Conflict of Interest
LD, RF, IP, TS, MNW are working at an independent, non-profit research institute, the Leibniz Institute for Prevention Research and Epidemiology – BIPS. Unrelated to this study, BIPS occasionally conducts studies financed by the pharmaceutical industry. Almost exclusively, these are post-authorization safety studies (PASS) requested by health authorities. The design and conduct of these studies as well as the interpretation and publication are not influenced by the pharmaceutical industry. These studies are conducted in line with the ENCePP Code of Conduct, i.e., the design and conduct as well as the interpretation and publication are not influenced by the pharmaceutical industry. RL is working at the Techniker Krankenkasse, a statutory health insurance. There is neither professional nor a personal conflict of interest. MS declares that there is no conflict of interest.
Data sharing
As we are not the owners of the data we are not legally entitled to grant access to the data of the German Pharmacoepidemiological Research Database. In accordance with German data protection regulations, access to the data is granted only to BIPS employees on the BIPS premises and in the context of approved research projects. Third parties may only access the data in cooperation with BIPS and after signing an agreement for guest researchers at BIPS.
Code availability
The implementation of the methods that generated the signals presented in this paper is written in R and publicly available on github.com/bips-hb/pvm. We additionally used the R package ranger [1] for the random forest analysis.
Authors’ contributions
Study concept and design: RF, LD (signal detection), MNW (signal detection), TS (verification study), IP Analysis and interpretation of data: RF, TS (verification study), MNW (signal detection), LD (signal detection), MS, TS (signal triage)

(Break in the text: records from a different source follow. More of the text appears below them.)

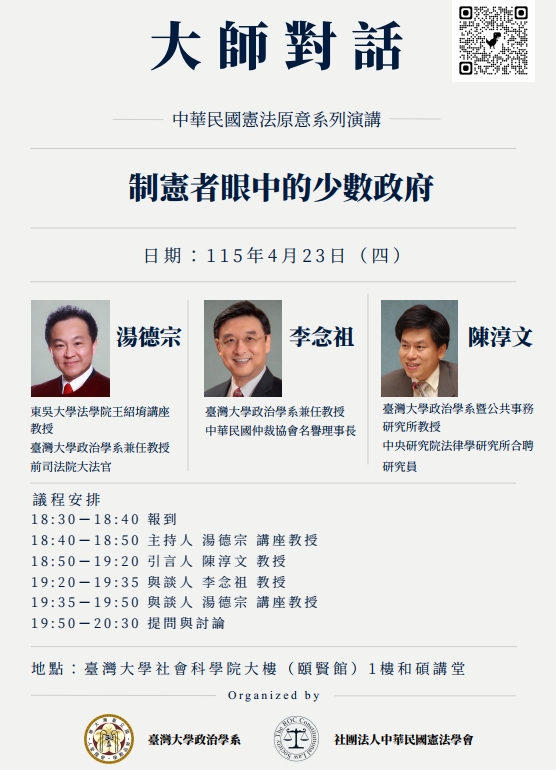 主辦單位:臺灣大學政治學系,社團法人中華民國憲法學會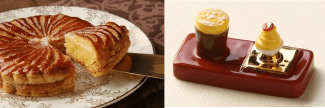 アーモンドの優しい甘さとコクを感じられる生地「クレームダマンド」を、サクサクのパイ生地で包み焼きあげたフランスの伝統的な新年のお菓子です。中には「フェーヴ」とよばれる陶器製のチャームがひとつ入っており、切り分けてそれが当たった人は、その一年幸運に恵まれると言われています。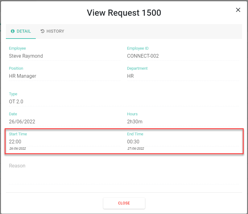 5) Show Date Under Time Fields in Leave / Overtime / Edit Shift / Edit Sign In / Out Request (แสดงวันที่ในฟิล์ดเวลาของคำร้องขอลา / ขอค่าล่วงเวลา / ขอแก้ไขตารางกะ / ขอแก้ไขเวลาเข้า / ออกงาน)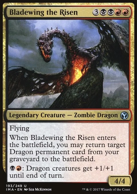 Flying When Bladewing the Risen enters the battlefield, you may return target Dragon permanent card from your graveyard to the battlefield. {B}{R}: Dragon creatures get +1/+1 until end of turn.

Drafting of manuscript: RF, TS, MNW, LD, IP
Critical revision of manuscript: RL, MNV
Acknowledgments
The authors would like to thank all statutory health insurances which provided data for this study, namely AOK Bremen/Bremerhaven, DAK-Gesundheit, Die Techniker (TK), and hkk Krankenkasse. The authors would like to thank the data support team at the BIPS and Arne Godt for the implementation of the online tool.